Eric Silverstein: She had a big influence on me in terms of food culture. Food was an integral part of her own family growing up. Whenever we would we would go visit her family, food was always central to those visits. She carried on traditional Chinese cooking methods into our family, so whenever she made meals for us it was usually stuff she grew up eating.

What did you grow up eating?

Eric Silverstein: I was raised in Japan, and Japanese food culture is one of the most intriguing ones out there. They put a lot of emphasis on quality. I still remember eating street food and at hole in the wall restaurants in Japan. Japanese cuisine is much more diverse than sushi, and we usually think [Japanese food] is just sushi in the U.S. Eighty percent of the rest of Japanese food takes a backseat to sushi here, and I wanted to bring a new concept forward through the Japanese burgers at Yumé Burger.

Eric Silverstein and his mother

What was your mother like as a cook?

Eric Silverstein: She cooked a lot with her own mother.

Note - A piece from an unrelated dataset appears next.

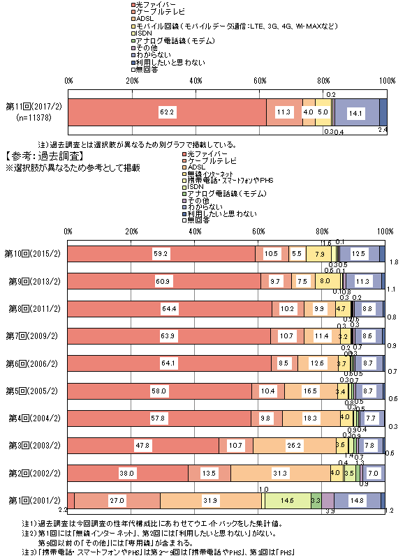 〔(全員)現在ご自宅で主に利用しているインターネット回線は何ですか。1つお選びください。〕

She doesn’t have a culinary degree or anything, but she was a great home chef. Every day was family dinner. There wasn’t one day when we weren’t eating together. And she cooked everything. We would eat a lot of pot stickers, soy-sauce chicken, steamed fish, different noodle dishes, a lot of very unique Chinese dishes, and different stir-fry dishes. She also made something that was almost like a meatloaf, but with steamed pork.

What influence has she had on your culinary projects?

Eric Silverstein: She had less of an influence on The Peached Tortilla, but when we started Yumé Burger I flew her out here and to be involved with the tastings. She had the Japanese burgers that influenced me in this project when we were living in Japan.

How does she respond to your success?

Eric Silverstein: She is proud of what I’m doing. I know she follows me more closely than anyone out there. She finds it exciting, but my family comes from the restaurant business. They’ve had their successes and they’ve had their failures, so she is always cautiously optimistic. I get that from her. I want to do a restaurant down the road. It’s always been a dream of mine. To really be considered an icon in Austin, you have to have a restaurant.

How has your mother influenced your restaurant?

Miguel Ravago: She helped me learn about Mexican cuisine. She would make me taste everything just to teach me about it. We traveled through Mexico a lot, and that’s how we realized each state has a different cuisine in Mexico. That really helped me understand the cuisine… Her and my grandmother helped me when I came to Texas because they knew the cuisine so well. They showed me how everything should taste. It has influenced me a lot.

Miguel Ravago and his mother

What dishes did your mother make for you?

Miguel Ravago: She’s from the northern part of Mexico, so she made a lot of stewed meats, corn tortillas and flour tortillas that were thin like crepes, tamales, and mole. We ate a lot of seafood. She did these great chile rellenos. It was fantastic. I liked her interest in it and her curiosity. That helped me a great deal.  I’m creative because of her.